Spontaneous reboot of ms-be2045
Closed, ResolvedPublic

Description

15:51 - <icinga-wm> PROBLEM - Host ms-be2045 is DOWN: PING CRITICAL - Packet loss =100%

System rebooted, but disks did not come back up correctly. rackadm getsel reports two issues:
Record: 2
Date/Time: 09/13/2021 15:47:31
Source: system
Severity: Critical
Description: A fatal error was detected on a component at bus 59 device 0 function 0.

Record: 4
Date/Time: 09/13/2021 15:47:31
Source: system
Severity: Critical
Description: A fatal error was detected on a component at bus 58 device 2 function 0.

from lspci, I think these correspond to:
3b:00.0 RAID bus controller: LSI Logic / Symbios Logic MegaRAID SAS-3 3108 [Invader] (rev 02)
and
3a:02.0 PCI bridge: Intel Corporation Sky Lake-E PCI Express Root Port 1C (rev 04)

Related Objects

Event Timeline

Mentioned in SAL (#wikimedia-operations) [2021-09-13T15:20:19Z] <Emperor> rebooting ms-be2045 to see if that brings the disk back properly T290881

On reboot, the disks came back, but many of the filesystems are unhappy:
mvernon@ms-be2045:~$ sudo dmesg | grep 'Shutting down filesystem'
[ 18.244602] XFS (sda3): Corruption of in-memory data detected. Shutting down filesystem
[ 18.724649] XFS (sdf1): Corruption of in-memory data detected. Shutting down filesystem
[ 19.448076] XFS (sdg1): Corruption of in-memory data detected. Shutting down filesystem
[ 20.610420] XFS (sdj1): I/O Error Detected. Shutting down filesystem
[ 20.745769] XFS (sdn1): I/O Error Detected. Shutting down filesystem
[ 20.938081] XFS (sdi1): I/O Error Detected. Shutting down filesystem
[ 23.719222] XFS (sdh1): I/O Error Detected. Shutting down filesystem
[ 24.802161] XFS (sde1): I/O Error Detected. Shutting down filesystem
[ 30.091057] XFS (sdm1): I/O Error Detected. Shutting down filesystem
[ 31.761276] XFS (sdc1): I/O Error Detected. Shutting down filesystem

MatthewVernon added a project: ops-codfw.
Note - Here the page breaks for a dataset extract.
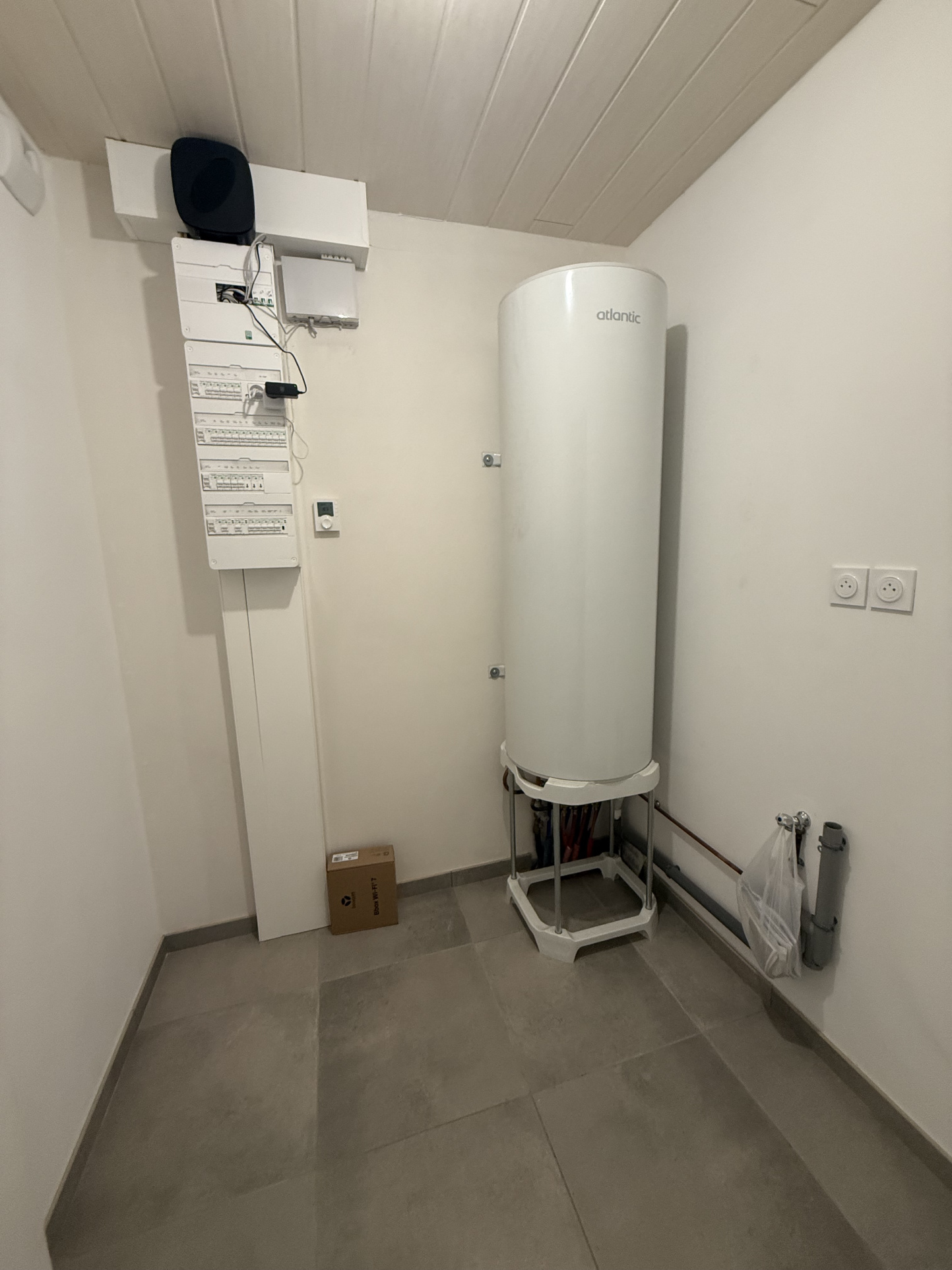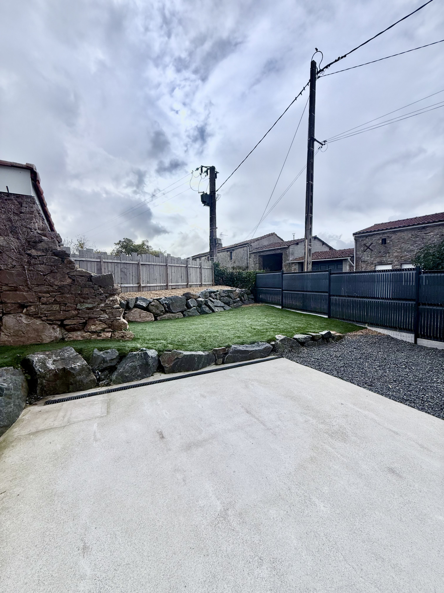 En annexe : préau ouvert (2 places), local de rangement & jardin d'environ 80 m2 (pelouse synthétique)

Hi @Papaul this system seems to have had a hardware fault(s), and is (just) still within its warranty, could you get the hardware checked out, please? Thanks :)

Mentioned in SAL (#wikimedia-operations) [2021-09-14T08:05:07Z] <godog> wipe non-os partitions from ms-be2045 - T290881

Mentioned in SAL (#wikimedia-operations) [2021-09-14T08:25:04Z] <godog> poweroff ms-be2045 and set it as failed in netbox - T290881

Change 720917 had a related patch set uploaded (by MVernon; author: MVernon):

[operations/software/swift-ring@master] codfw-prod: remove host ms-be2045

https://gerrit.wikimedia.org/r/720917

Change 720917 merged by MVernon:

[operations/software/swift-ring@master] codfw-prod: remove host ms-be2045

https://gerrit.wikimedia.org/r/720917

Mentioned in SAL (#wikimedia-operations) [2021-09-14T09:09:10Z] <Emperor> swift rebalance to remove h/w faulty host ms-be2045 T290881

Mentioned in SAL (#wikimedia-operations) [2021-09-15T06:57:54Z] <elukey> shutdown ms-be2045 (again) after seeing T290881

Papaul triaged this task as Medium priority.Sep 27 2021, 3:06 AM

Create a case with Dell. case bellow
case#: 123351649 Tag: R740XD: Crashes | ProSupport: NBD | - Linux -

I see 1 error here.

Bios is on 1.5.4 ,
New BIOS is 2.12.2 : https://dl.dell.com/FOLDER07551855M/4/BIOS_4CRD2_WN64_2.12.2.EXE

Idrac is on 3.21.21.21
Current is 5.00.10.00

Raid Backplane FW is 2.25
Current is 2.52 : https://dl.dell.com/FOLDER06636966M/1/Firmware_60K1J_WN64_2.52_A00.EXE

PERC ( this is what appeared to crash)
is on 25.5.5.0005
Current is 25.5.9.0001 : https://dl.dell.com/FOLDER07217671M/1/SAS-RAID_Firmware_700GG_WN64_25.5.9.0001_A17.EXE

I would suggest that these all be updated to current. Then boot up the server and pull a TSR while its on and running.

We will then want to monitor it to see if its stable on this new firmware.

Thanks,

Andrew Clausen
Technical Support Engineer | Linux and Virtualization

All Firmware upgraded on the server

@Papaul is there anything needed from us at this time? thank you!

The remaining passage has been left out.